Realidade versus pseudociência

COTAÇÃO: * * * (Bom)

Por Tony Tramell

"O Mau Exemplo de Cameron Post" deveria ser o segundo filme do ano a abordar a cura gay, mas se tornou o primeiro. A razão é que a distribuidora de “Boy Erased”, com Nicole Kidman, resolveu não lançar o longa. Deixando de lado especulações e polêmicas, vamos a estreia da semana.
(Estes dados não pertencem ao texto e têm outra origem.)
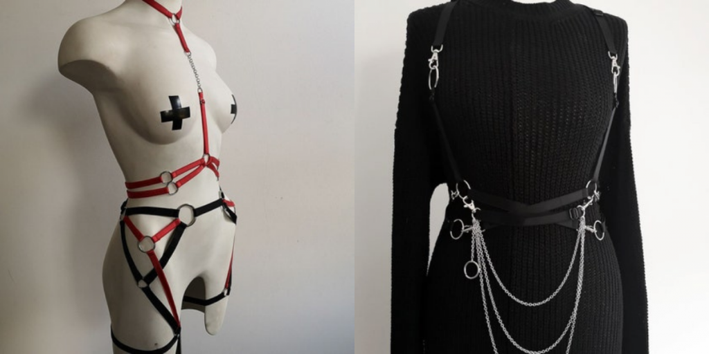 Black-owned and London-based, Bound UK is another indie maker creating delicate harnesses for great prices. They’re perfect if you’re on a budget, as you can take a plain black outfit, could be a summer dress, a mesh top or a jumper, and make it pop with a super cool harness. Straps, O rings and chains galore. They do full body harnesses, ones for just your top half, belts, jewellery, and even hats!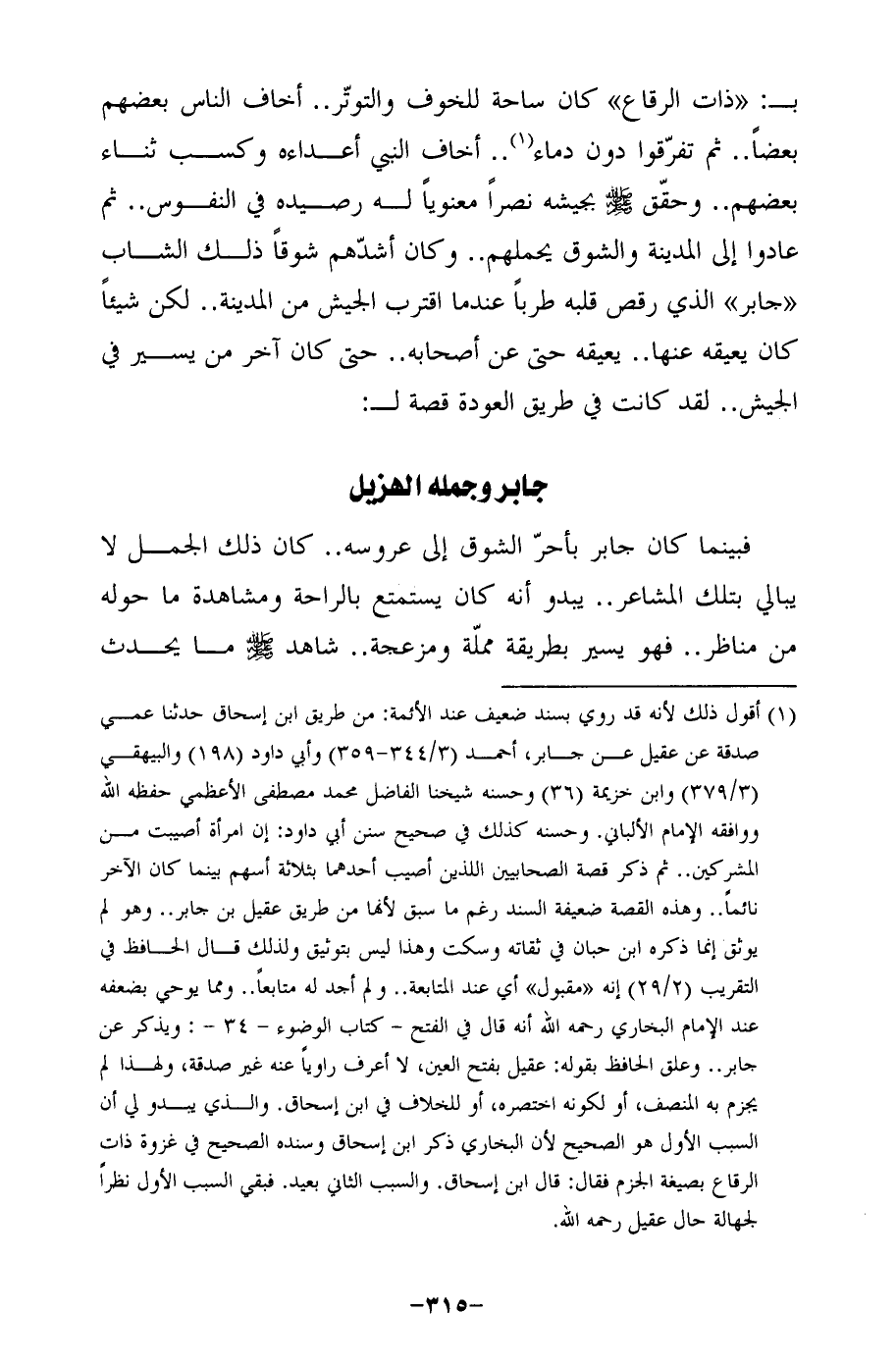 (¬1) أقول ذلك لأنه قد روي بسند ضعيف عند الأئمة: من طريق ابن إسحاق حدثنا عمي صدقة عن عقيل عن جابر، أحمد (3/ 344 - 359) وأبي داود (198) والبيهقيُّ (3/ 379) وابن خزيمة (36) وحسنه شيخنا الفاضل محمَّد مصطفى الأعظمي حفظه الله ووافقه الإمام الألباني. وحسنه كذلك في صحيح سنن أبى داود: إن امرأة أصيبت من المشركين .. ثم ذكر قصة الصحابيين اللذين أصيب أحدهما بثلاثة أسهم بينما كان الآخر نائمًا .. وهذه القصة ضعيفة السند رغم ما سبق لأنها من طريق عقيل بن جابر .. وهو لم يوثق إنما ذكره ابن حبان في ثقاته وسكت وهذا ليس بتوثيق ولذلك قال الحافظ في التقريب (2/ 29) إنه "مقبول" أي عند المتابعة .. ولم أجد له متابعًا .. ومما يوحي بضعفه عند الإمام البخاري رحمه الله أنه قال في الفتح -كتاب الوضوء- 34 - : ويذكر عن جابر .. وعلق الحافظ بقوله: عقيل بفتح العين، لا أعرف راويًا عنه غير صدقة، ولهذا لم يجزم به المنصف، أو لكونه اختصره، أو للخلاف في ابن إسحاق. والذي يبدو لي أن السبب الأول هو الصحيح لأن البخاري ذكر ابن إسحاق وسنده الصحيح في غزوة ذات الرقاع بصيغة الجزم فقال: قال ابن إسحاق. والسبب الثاني بعيد. فبقي السبب الأول نظرًا لجهالة حال عقيل رحمه الله.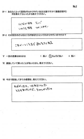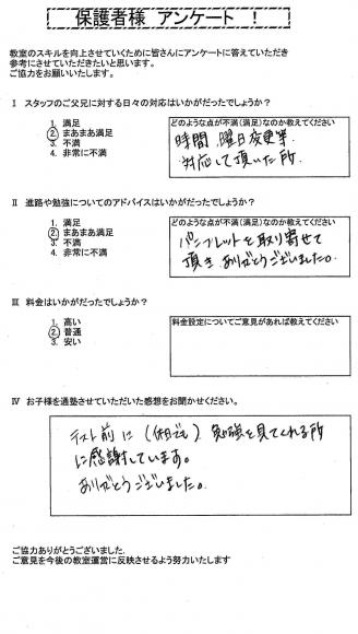TOP›生徒・保護者様アンケート›23年卒業生アンケ-ト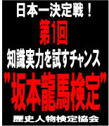 第1回 坂本龍馬検定あなたの日本全国での、坂本龍馬知識レベルを試してみませんか!今まで、坂本龍馬に対する知識は充分だと自分では感じていても、実際に自分の知識は、全国でどのくらいなのか、試す機会や場所が、ありませんでした。そこで、歴史人物検定協会では、日本全国でのあなたの、坂本龍馬の知識実力を調べます。全国3位までに入選されますと、賞状および記念品の授与。85点以上であれば、坂本龍馬知識が知識が優れていると判断し、認定書を授与させて頂きます。上記以外の方は、当ホームページにて、順位を発表(名前では無しに、受験番号)させて頂きます。戦国時代好き、戦国武将好き、坂本龍馬好きなあなたの実力知識を存分に発揮してください。お申し込み期間 平成21年11月11日 〜 平成22年7月4日第1回坂本龍馬検定日 平成21年 7月18日(日)受付時間 12:45 〜 13:15受験時間 13:30 〜 15:00懇親会予定時間 15:15 〜 16:45検定料金 7,000円懇親会料金 3,000円 (希望者のみ) *懇親会のみの参加はできません。*お振込完了をもって、受付完了とさせて頂きます。 *原則、いかなる理由であっても、ご入金後のご返金はで きませんので、ご了承ください。 検定試験は、マークシート方式では無しに、全て筆記にて、ご回答頂きます。歴史は色々な解釈ができる場合が多々ありますが、当協会が妥当だと判断するものを、回答とします。回答時間は、90分間。 初級知識問題、20%中級知識問題、40%上級知識問題、40%*不正を見つけた場合は、即刻退場を命じさせて頂きます。*上記の場合、料金の返金は致しません。検定会場新大阪丸ビル 新館 F会議室等〒533-0033 大阪市東淀川区東中島1丁目18番5号 TEL:06-6321-1516 新大阪駅東口より150mです。 階段を下りて右手道なりにお進みください。 お車で来られる場合は、お近くのパーキング にお停めください。どうぞ、あなたの坂本龍馬知識の実力を試してみてください!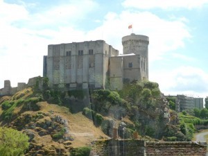 Falaise was one of our Henry's most important strongholds and he was often here. He chose Falaise for his triumphant peace treaty in 1174 with the captive King of Scots, and he and Eleanor held at least one lavish Christmas court here. We do not know where Eleanor was held after she had the bad luck to fall into Henry's hands in November of 1173; Henry kept her location a closely guarded secret. She was most likely confined for a time at Chinon, but it is my belief that she was eventually taken to Falaise. Henry kept his Christmas court at Caen in 1173, and Falaise was just twenty miles to the south, very convenient for a long overdue reckoning with his rebel queen. Moreover, Falaise would have been a safer choice than Chinon, which was too close to Eleanor's own lands, and if she were being held at Falaise, it would have been easy to bring her to Barfleur when she and Henry and his court sailed for England in the summer of 1174.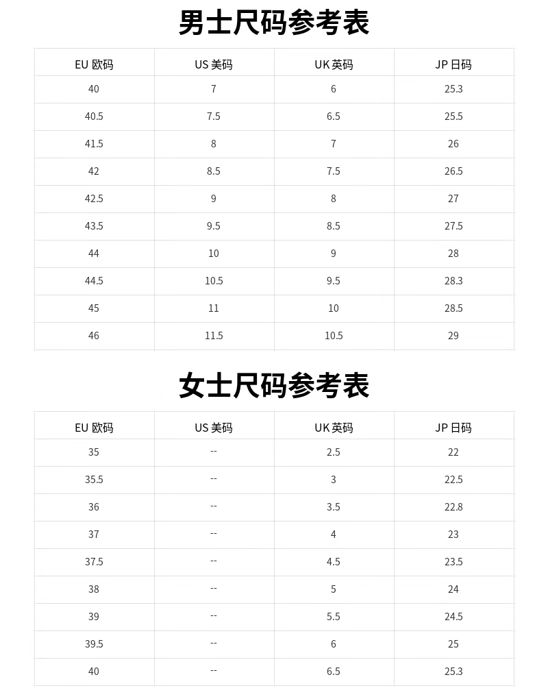 China (cm) 36 - 37 38 - 39 40 - 42 43 - 44 45 - 47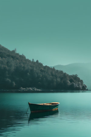 A serene white boat is anchored on calm, clear water, surrounded by lush green trees on a peaceful lakeshore during early morning light. Natural beauty emanates from the scene.

A diferença entre as duas obras, ambas são baseadas em livros de sucesso, é que “O Mau exemplo de Cameron Post” é uma ficção, embora seja baseado na experiência lésbica da diretora e no relato de jovens que passaram por esses “centros de tratamento”.

A trama gira em torno da adolescente Cameron (Chloë Grace Moretz), que no começo dos anos 90, perde os pais e passa a viver com uma tia conservadora e uma avó bem-intencionada. Flagrada aos beijos com uma rainha do baile da escola, ela é mandada para um acampamento de terapia de conversão gay.

Vencedor do grande prêmio do júri no Festival de Sundance, o filme retrata com doses de cinismo e drama a pretensão religiosa de curar as pessoas, uma “cura” para um comportamento que apenas não se enquadra na sua doutrina de fé. A diretora Desiree Akhavan realiza um ótimo filme, apenas perde a oportunidade de enveredar mais fundo pela hipocrisia absurda dessas curas milagrosas. Os pontos fortes são muitos, como um olhar com perfeição como os adolescentes agem, atenção a detalhes pequenos que valorizam o roteiro e a diversidade de personagens e as atuações marcantes do elenco (especialmente da protagonista).

O embate realidade versus pseudociência movimenta o filme até seu clímax. Em nome de Deus vale tudo, inclusive impor a culpa aos que não possuem o mesmo pensamento, e o longa retrata esse desfecho numa cena trágica e impactante. A beleza de ser jovem é poder se descobrir e, apesar do título irônico, “O Mau Exemplo de Cameron Post” permite ver esses conflitos e levar a reflexão os que ainda acreditam nessa filosofia. Décadas depois da época em que o filme se ambienta, essas instituições ainda existem forçando jovens a se enquadrarem no conceito de família tradicional. Um dos grandes acertos é a opção em não tratar superficialmente questões delicadas. Os diálogos são constantes e superam os conflitos, o que deixa o filme mais lento, mas traz pérolas inesquecíveis como “Seu nome é masculino demais” e “Vocês não tem a menor ideia do que estão fazendo?”. Desiree Akhavan tem a chance de desnudar o mundo das clínicas de cura e isso é extremamente positivo.